When we think about history-dependent behavior, we normally associate this concept with memory in higher organisms, particularly in humans. In fact, if we ask people about examples of history-dependent behavior they start to describe daily situations that involve the history of their actions, and how they influence their experiences, resulting in something that we could like or not. The ability of the living organisms to modulate their response depending on the order in which environmental inputs are received is well comprehended, but commonly not linked to bacteria at all. However, this ability confers fitness advantages to bacteria (Wolf et al. 2008) and the implementation of history-depending genetic programs in microorganisms presents a broad possibility of technological applications in health and the environment.
At the beginning of 2014, I, Sarah Guiziou, joined the young Lab of Jerome Bonnet, at the CBS in Montpellier, inspired by his Science’s paper (Bonnet et al. 2013) on the implementation of logic circuits in bacteria using integrase.
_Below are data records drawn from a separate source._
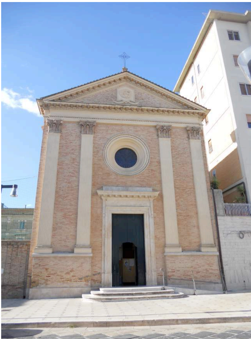
Figure 6: San Giacomo Church, Lucera (FG)
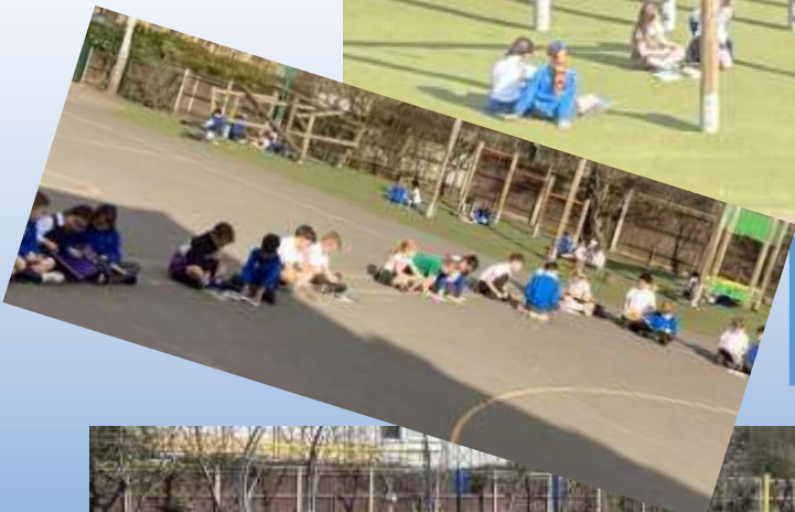
Year 4 & 2 reading together in the sunshine.
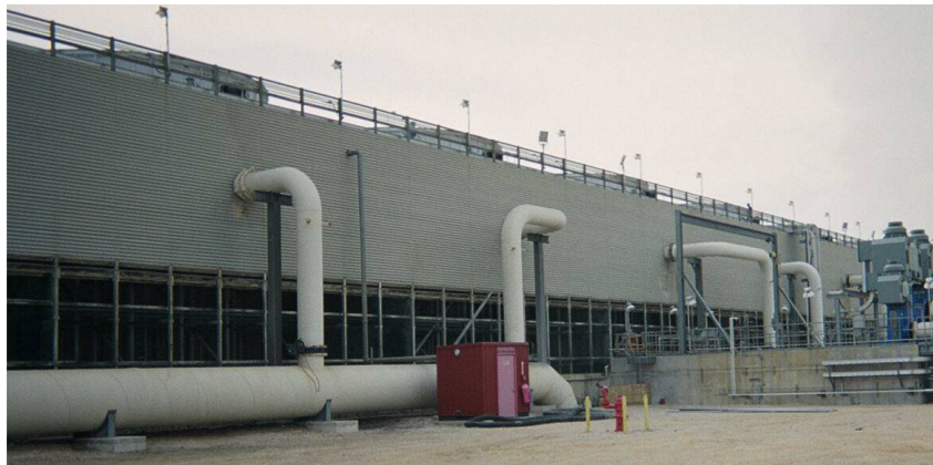
COOLING TOWER SYSTEMS

During my Ph.D. there, I wanted to push further the implementation of logic circuits in living organisms using integrase. In particular, I was excited about the intrinsic ability of the integrase to record events. It quickly became clear for me that history-dependent logic, also called state-machine in electronics, could be easily implemented using serine integrases, and I started working on the design, drawing design in my notebook. Indeed, this idea was not that novel as two papers got published in the following years implementing history-dependent logic using integrase (Roquet et al. 2016; Hsiao et al. 2016). Seeing the competition on the topic, I turned the page of my notebook and focused on Boolean logic circuits, pushing the limit of their implementation using a multicellular system. However, when finalizing the design for a multicellular system for Boolean logic circuits (Guiziou et al. 2018), Jerome and I realized that a similar design and strategy for history-dependent logic will allow a simple, straightforward, and robust implementation of history-dependent logic, which would be a great add-on to the field. Indeed, distributing computation in different cells allows the simplest and more systematic design. Going back to see my family on the other side of France, I was enjoying the peacefulness of the french TGV (fast speed train) and was working on a design for the systematic implementation of a history-dependent logic circuit in a multicellular system.
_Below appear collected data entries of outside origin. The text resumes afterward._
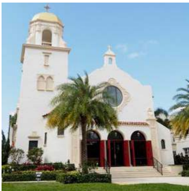
Holy Trinity Episcopal 🏠🏠
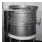
Quick Disconnect Sorting Bowl
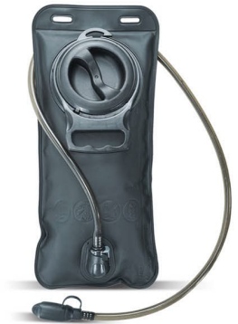
Water Sack Bottle
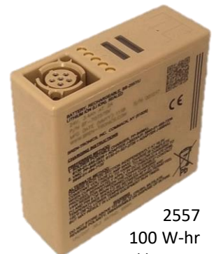
2557 100 W-hr internal battery

20210218 Specifications subject to change
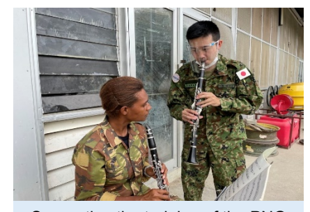
Supporting the training of the PNG military band (Sep 2021)
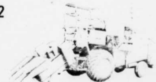
FRESH MARKET SWEET CORN HARVESTER

First thinking about the implementation in multicellular design, I started drawing down cell lineage trees corresponding to history-dependent programs which correspond to the state of the system (expression of a gene or not) depending on the order-of-occurrence of events. It quickly became clear that I could decompose the cell lineage tree in a multicellular system by implementing in each cell a cell lineage, corresponding to a specific occurrence of the inputs (such as in two input circuits, A then B and not B then A). Then, how to implement a cell lineage in a single cell? I needed to design a scaffold allowing the expression of a different gene in each state of the lineage (in each order of occurrence of genes) and not otherwise. The design for two inputs was already existing (Hsiao et al. 2016), to scale up for 3 inputs, I drew multiple designs trying to add another gene and another integrase site pair. After a few iterations, success, I got a 3-input scaffold and a few hours later, still in the train, the 4- and 5-input scaffold as well. From that point, the design was done and based on a python script already created for Boolean logic, I adapted it for history-dependent logic to automatize the design of the circuits through a web-interface. With that theoretical design, I quickly designed the DNA for a few constructs, ordered them, cloned them, and started some characterization. At that time, I was overwhelmed by experiments trying to complete experiments for the project on Boolean logic circuits, I kept the preliminary results and sadly put this project aside. Luckily, Ana Zuniga, a great and enthusiastic postdoc, joined the project and was willing to tackle the mountain of experiments that were needed for the implementation and precise characterization of these programs. Yes, one three-input history-dependent program to characterize is not a joke, it is for one experimental replicate a four-day experiment with 48 samples. The construction of a third inducible switch using Integrase 5, to get the triple controller device, was an additional odyssey for her. And then, I didn’t make her transition to the project simple at the beginning as I was not well organized with my annotation being a bit too familiar to the project. Nevertheless, Ana successfully achieved the implementation and characterization of 21 history-dependent programs.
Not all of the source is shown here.